In case it is not obvious, this is not so much an evalutaion of Gemini 2.5 Flash as it is a judgment of the quality of the testing protocol. It is clear, for example, that using So Far to evaluate llms is a mistake: the same model has large variation between runs, and the difference between runs of different models is not so large. It would be more informative to replace the run of So Far with another run of one of the other games – maybe Plundered Hearts or Lost Pig, which start out more linearly.8⁸ For a Change might look like a good game for evaluation, but I think that’s a mistake. It’s not that the model makes consistent progress, but that it fails to make almost any progress at all, thanks to how open the game is right from the gate.

Conclusions

I’m not sure what conclusions to draw from this article series.
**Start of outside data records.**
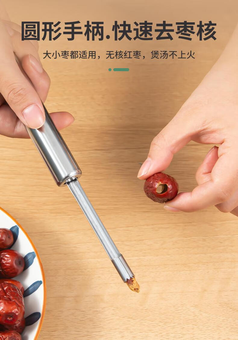 Jujube core removal tool, red date core removal tool, multi-functional stainless steel, hawthorn seed digging, household jujube milk jujube corer, fruit corer - corer 1.0cm, no specifications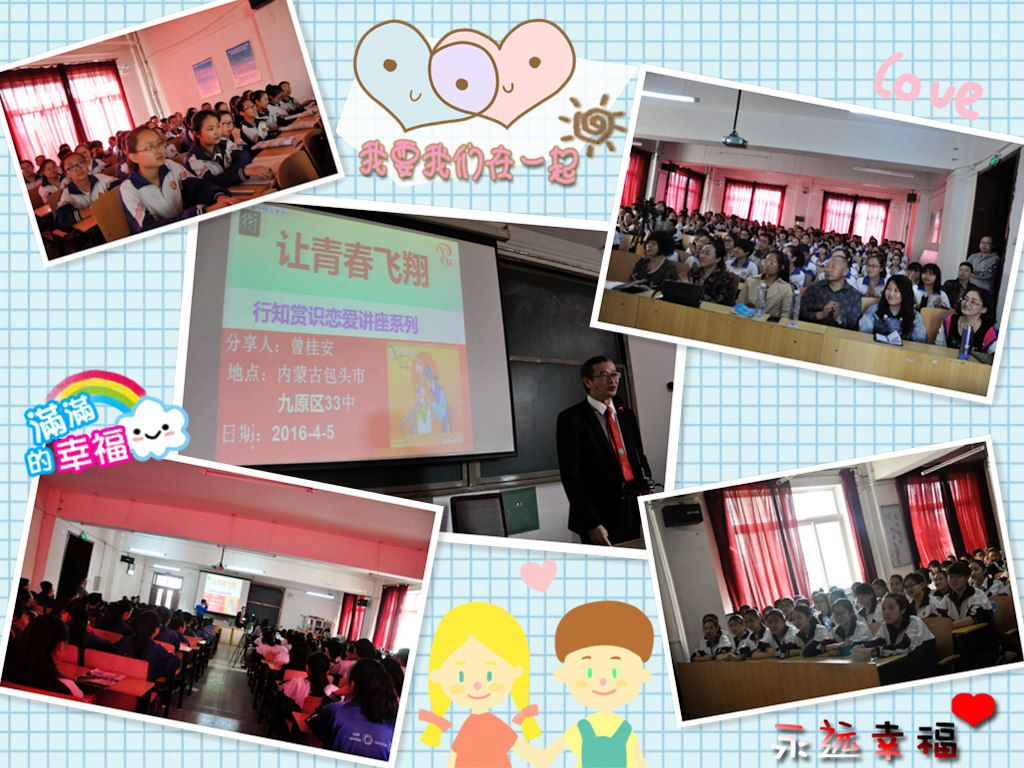 为了解开青少年青春期成长的疑惑,提升他们的恋爱观,内蒙古包头市九原区33中邀请了国际赏识教育学会会长曾桂安校长为高中部的孩子们,主讲“行知赏识恋爱讲座系列”——《让青春飞翔》。从每个孩子的眼睛看得出他们是多么期待这堂关乎他们一生的人生大课啊!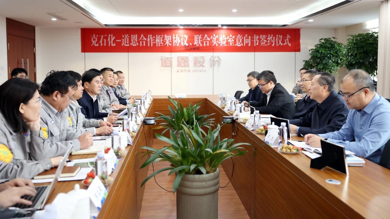 于曉寧董事長介紹了道恩集團發展歷程和科技創新情況,以及與大型石化公司開展技術合作取得的成果。“目前道恩多款產品處于行業前列,憑借頭部產品和企業地位,助推行業發展與進步,此時更需要攜手戰略性合作伙伴。”于曉寧董事長表示,克石化在技術研發、產品提升和用戶服務方面表現出色。“希望雙方資源共享、平臺共建、價值共創,提升產品的國際影響力和競爭力,為行業高質量發展貢獻力量。”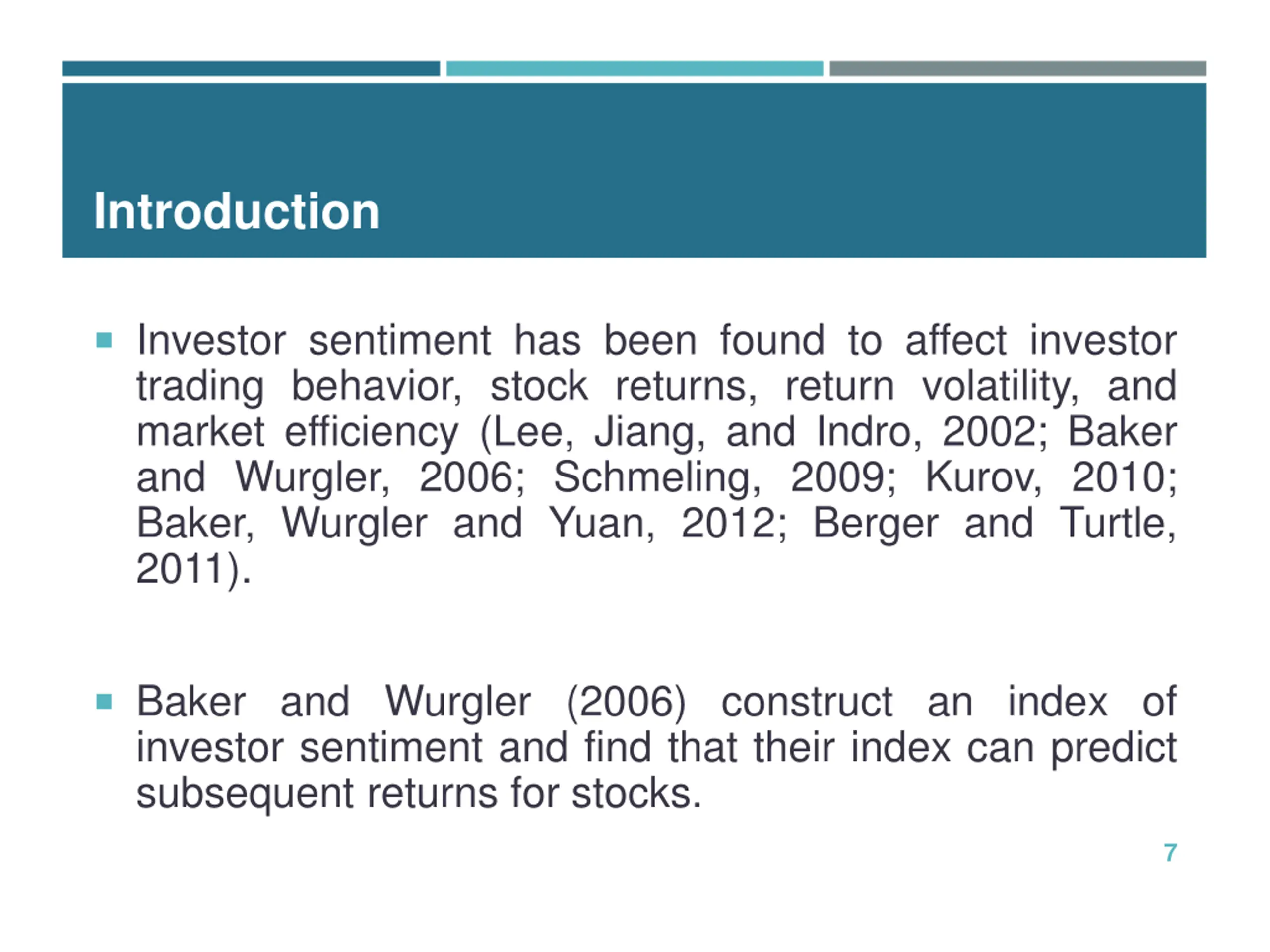 Introduction Investor sentiment has been found to affect investor trading behavior, stock returns, return volatility, and market efficiency (Lee, Jiang, and Indro, 2002; Baker and Wurgler, 2006; Schmeling, 2009; Kurov, 2010; Baker, Wurgler and Yuan, 2012; Berger and Turtle, 2011). Baker and Wurgler (2006) construct an index of investor sentiment and find that their index can predict subsequent returns for stocks. 7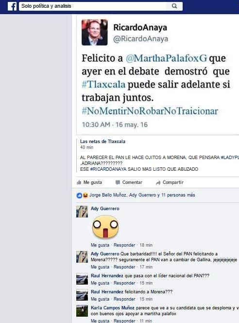 La felicitación que circula en Facebook dice: “Felicito a @MarthaPalafoxG que ayer en el debate demostró que #Tlaxcala puede salir adelante si trabajan juntos. #NoMentirNoRobarNoTraicionar” con fecha del 16 de mayo a las 10:30 AM.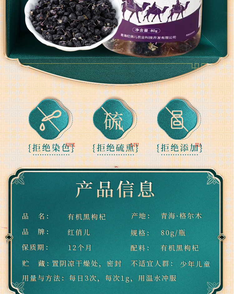 红俏儿 有机黑枸杞80g瓶装 青海黑枸杞含花青素 干吃泡水泡酒 送长辈送礼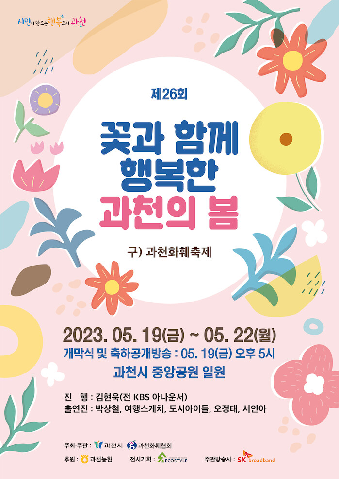 축제는 ‘꽃과 함께 행복한 과천의 봄’을 주제로 꽃 전시관, 직거래 장터, 포토존 설치 등 다양하게 진행된다.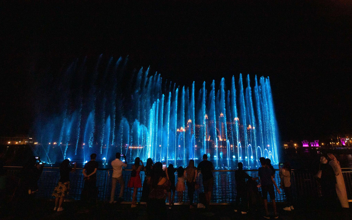 2020年10月24日晚,在阿拉伯联合酋长国迪拜棕榈岛,当地居民和游客欣赏音乐喷泉表演。新华社发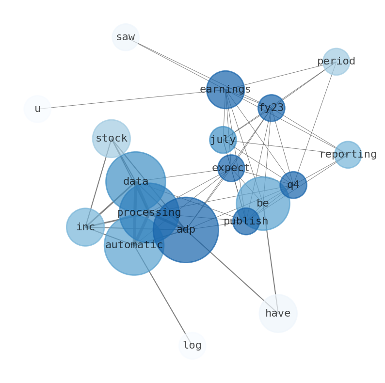 This document will help you to evaluate Automatic Data Processing without reading an infinite amount of sources. Relying only on stock quotes or prices to make investment decisions is a mistake. Analyzing and observing stock charts, highs and lows and other numerical data does not allow to evaluate the real value of a company. Stock quotes and prices are the result of underlying characteristics of a company and of events and news happening around them. For this reason, investing must be based on information, not numbers. As a solution, we programmed an artificial intelligence that reads the whole internet and the uses natural language processing and vectorizers to summarize the information. Usually, the AI reads several hundred pages and summarize it to a short document. This document presents our results. We found that the most common words in the internet about Automatic Data Processing are: Automatic, Data, ADP, Processing, earnings, Inc, stock, and the most common words in the summary are: data, stock, automatic, market, adp, process, price, . One of the sentences in the summary was: Automatic Data Processing (ADP) is expected to publish its Q4 FY23 earnings on July 26. Other searches related to this term that the AI found were: stockmarketlive, livestock, stockmarketforbeginners, thestockmarket, stockmarkettoday, stockmarkettrading, stockmarketstocks, todaystockmarket, thestockmarket, marketnews, stockmarketnews, whatisstockmarket, usstockmarket, stockmarketopen. #data #stock #automatic #market #adp #process #price.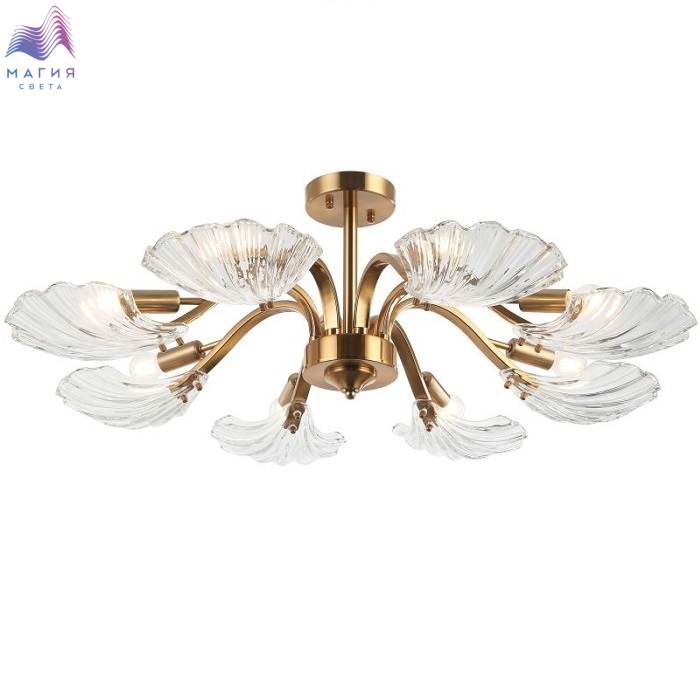 Люстра потолочная 2153/05/08P Stilfort серии Muschel это воплащение стиля модерн. Арматура изготовлена из металла в цветовом исполнении "Бронза". Плафоны люстры выполнены в виде ракушки из текстурированного прозрачного стекла.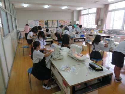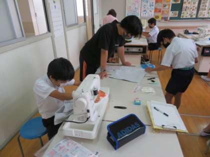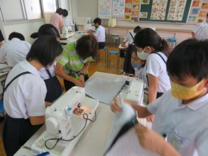 ナップサックを作ろうの学習で、カラーテープをはさみこんで両わきを縫うをめあてに実習を進めていました。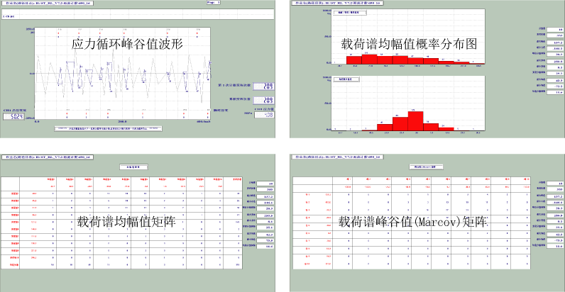 St_YL 应变雨流计数疲劳载荷谱用于采集动应变信号并进行频谱分析以及载荷谱分析,依次经过调整时间历程、提取峰谷值波形、去除无效循环、进行雨流计数从而获得峰谷值矩阵、均幅值矩阵、变程循环统计以及均幅值概率分布图。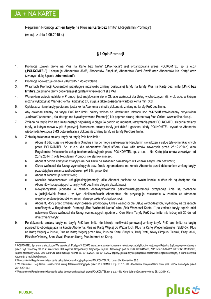 Regulamin Promocji „Zmień taryfę na Plus na Kartę bez limitu” („Regulamin Promocji”) (wersja z dnia 1.09.2015 r.) § 1 Opis Promocji 1. Promocja „Zmień taryfę na Plus na Kartę bez limitu” („Promocja”) jest organizowana przez POLKOMTEL sp. z o.o.1 („POLKOMTEL”) i obejmuje Abonentów 36.62, Abonentów Simplus3, Abonentów Sami Swoi2 oraz Abonentów Na Kartę4 oraz (zwanych dalej łącznie „Abonentami”). 2. Promocja obowiązuje od dnia 9.09.2015 r. do odwołania. 3. W ramach Promocji Abonentowi przysługuje możliwość zmiany posiadanej taryfy na taryfę Plus na Kartę bez limitu („PnK bez limitu”). Za zmianę taryfy pobierana jest opłata w wysokości 3 zł z VAT. 4. Warunkiem wzięcia udziału w Promocji jest znajdowanie się w Okresie ważności dla Usług wychodzących (tj. w okresie, w którym można wykorzystać Wartość konta i korzystać z Usług), a także posiadanie wartości konta min. 3 zł. 5. Opłata za zmianę taryfy pobierana jest z konta Abonenta z chwilą dokonania zmiany na taryfę PnK bez limitu. 6. Aby dokonać zmiany na taryfę PnK bez limitu należy wpisać na klawiaturze telefonu kod *147*20# zatwierdzony przyciskiem „zadzwoń” (z numeru, dla którego ma być aktywowana Promocja) lub poprzez stronę internetową Plus Online: www.online.plus.pl. 7. Zmiana na taryfę PnK bez limitu nastąpi najpóźniej w ciągu 24 godzin od momentu otrzymania przez POLKOMTEL zlecenia zmiany taryfy, o którym mowa w pkt 6 powyżej. Momentem zmiany taryfy jest dzień i godzina, kiedy POLKOMTEL wysłał do Abonenta wiadomość tekstową SMS potwierdzającą dokonanie zmiany taryfy na taryfę PnK bez limitu. 8. Z chwilą dokonania zmiany taryfy na taryfę PnK bez limitu: a. b. c. d. e. f. g. 9. Abonent 36i6 staje się Abonentem Simplus i ma do niego zastosowanie Regulamin świadczenia usług telekomunikacyjnych przez POLKOMTEL Sp. z o.o. dla Abonentów Simplus/Sami Swoi (dla umów zawartych przed 25.12.2014r.) albo Regulaminu świadczenia usług telekomunikacyjnych przez POLKOMTEL sp. z o.o. – Na Kartę (dla umów zawartych od 25.12.2014 r.) o ile Regulamin Promocji nie stanowi inaczej; Abonent będzie korzystać z taryfy PnK bez limitu na zasadach określonych w Cenniku Taryfy PnK bez limitu; Okres ważności dla Usług wychodzących oraz środki zgromadzone na koncie Abonenta przed dokonaniem zmiany taryfy pozostają bez zmian z zastrzeżeniem pkt 8 lit. g) poniżej; Abonent zachowuje staż w sieci; wszelkie dotychczasowe usługi/pakiety/promocje jakie Abonent posiadał na swoim koncie, a które nie są dostępne dla Abonentów korzystających z taryfy PnK bez limitu ulegają dezaktywacji; niewykorzystane jednostki w ramach dezaktywowanych pakietów/usług/promocji przepadają i nie są zwracane w jakiejkolwiek formie - w tych okolicznościach Abonentowi nie przysługuje roszczenie w zamian za utracone niewykorzystane jednostki w ramach danego pakietu/usług/promocji; Abonent, który przed zmianą taryfy posiadał promocyjny Okres ważności dla Usług wychodzących, wydłużony na zasadach określonych w Regulaminie Promocji „Rok Ważności Konta” albo „Rok Ważności Konta II” po zmianie taryfy będzie miał ustawiony Okres ważności dla Usług wychodzących zgodnie z Cennikiem Taryfy PnK bez limitu, nie krócej niż 30 dni od dnia zmiany taryfy. Po dokonaniu zmiany taryfy na taryfę PnK bez limitu nie istnieje możliwość ponownej zmiany taryfy PnK bez limitu na taryfę poprzednio obowiązującą na koncie Abonenta: Plus na Kartę Więcej do Wszystkich, Plus na Kartę Więcej Internetu i SMS-ów, Plus na Kartę Więcej w Plusie, Plus na Kartę Więcej przez Rok, Plus na Kartę, Simplus, Twój Profil, Nowy Simplus, Team7, Easy, 36i6, PiszMówDobowy, Sami Swoi, iPlus na Kartę, Plus Internet na Kartę. POLKOMTEL Sp. z o.o. z siedzibą w Warszawie, ul. Postępu 3, 02-676 Warszawa, zarejestrowana w rejestrze przedsiębiorców Krajowego Rejestru Sądowego prowadzonym przez Sąd Rejonowy dla m.st. Warszawy, XIII Wydział Gospodarczy Krajowego Rejestru Sądowego pod nr KRS: 0000419430, NIP: 527-10-37-727, REGON: 011307968, kapitał zakładowy 3 510 300 000 PLN, Dział Obsługi Klienta tel. 601102601, fax 601102602 (opłaty, jak za zwykłe połączenie telefoniczne zgodnie z taryfą, z której korzysta Abonent), e-mail: [email protected]. 2 W rozumieniu Regulaminu świadczenia usług telekomunikacyjnych przez POLKOMTEL Sp. z o.o. dla Abonentów 36.6. 3 W rozumieniu Regulaminu świadczenia usług telekomunikacyjnych przez POLKOMTEL Sp. z o.o. dla Abonentów Simplus/Sami Swoi (dla umów zawartych przed 25.12.2014 r.). 4 W rozumieniu Regulaminu świadczenia usług telekomunikacyjnych przez POLKOMTEL sp. z o.o. – Na Kartę (dla umów zawartych od 25.12.2014 r.). 1 10. Z dniem 1.09.2015 r. Abonenci korzystający z taryf: Plus na Kartę, Simplus, 36,6, PiszMów Dobowy, Twój Profil, Nowa taryfa Simplus, Team 7, Easy, Sami Swoi mogą zmienić swoją taryfę tylko na jedną z taryf obowiązujących od dnia 9.09.2014 r. tj.: Plus na Kartę bez limitu lub Plush bez limitu, przy czym: a. Abonenci korzystający z taryfy Nowa taryfa Simplus mogą ją także zmienić na taryfę Twój Profil, b. Abonenci korzystający z taryfy Team 7 mogą ją także zmienić na taryfy: Nowa taryfa Simplus lub Twój Profil, c. Abonenci korzystający z taryfy Easy mogą ją także zmienić na taryfy: Nawa taryfa Simplus lub Twój Profil, d. Abonenci korzystający z jednej z czterech taryf „Więcej” mogą ją także zmienić na inną taryfę „Więcej” tj.: Więcej do Wszystkich, Więcej Internetu i SMS-ów, Więcej w Plusie, Więcej przez Rok. § 2 Informacje dodatkowe 11. Informacja o odwołaniu Promocji zostanie podana przez POLKOMTEL do wiadomości publicznej za pośrednictwem strony internetowej www.plus.pl. 12. W kwestiach nieuregulowanych Regulaminem Promocji zastosowanie mają odpowiednio postanowienia Regulaminu świadczenia usług telekomunikacyjnych prze

We can drive z-code text adventures through Perl, which lets us connect it to an llm in a controlled way. It turned out more complicated than one would think, but definitely doable.
llms are still not great at playing text adventures. Giving them leading questions to keep them on track helps a lot. Giving them hints helps them surprisingly little.
The variation in how much they accomplish can be large for some games with lots of distracting details, such as Lockout and So Far. The games that are easiest to evaluate with are those with a relatively linear beginning, such as Lost Pig and Plundered Hearts.
There is one cheap model that is about as good as llm models get at playing text adventures: Gemini 2.5 Flash. Many of the other cheap models might have performance worse than gpt-5 Chat, and probably also worse than Gemini 2.5 Flash. Claude 4 Sonnet might seem like the best model if costs be damned, but that is probably because the prompt was calibrated against Claude 4 Sonnet.
Running llms in agentic type applications really burns through api credits like nothing else. I’d really like to complement this analysis with the “how many turns does the model need to get to point X” test, but I cannot motivate spending the money for it.